Dr. Frost graduated from the CQB COBRE in September of 2022 after receiving an R35 MIRA award (R35GM146586, Gene set analysis of single cell genomics). He is now working with the CQB as a Faculty Advisor to the Data Analytics Core.
Dr. Frost’s research focuses on the development of bioinformatics and biostatistical methods for analyzing high- dimensional genomic data. An important theme of this research has been the use of prior biomedical knowledge, formally encoded in an ontology, to improve statistical power, replication of results, visualization and interpretation. A specific focus of his doctoral studies, postdoctoral work and ongoing K01-funded research is gene set testing or pathway analysis. Gene set testing is an effective hypothesis aggregation method that evaluates hypotheses about biologically related groups of genes, as defined in a resource such as the Molecular Signatures Database (MSigDB). Relative to an approach that tests separate hypotheses for each gene, gene set testing can significantly improve interpretation, statistical power and replication for the analysis of high-dimensional genomic data.

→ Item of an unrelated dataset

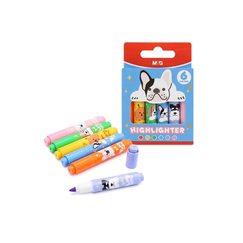 Zvýrazňovač M&G Mini Puppy Party! - sada 6 ks

Dr. Frost’s work in this area has included research on new gene set testing methods, research addressing the challenge of annotation quality, research on unsupervised gene set testing and research addressing statistical power. His current gene set testing research focuses on methods for tissue- specific gene set testing and techniques that support gene set analysis of single cell data. Other research interests include cancer genomics, tissue-specific gene function, single cell genomics, gene-environment and gene-gene interaction detection, p-value weighting and screening-testing methods, penalized regression, principal component analysis and random matrix theory.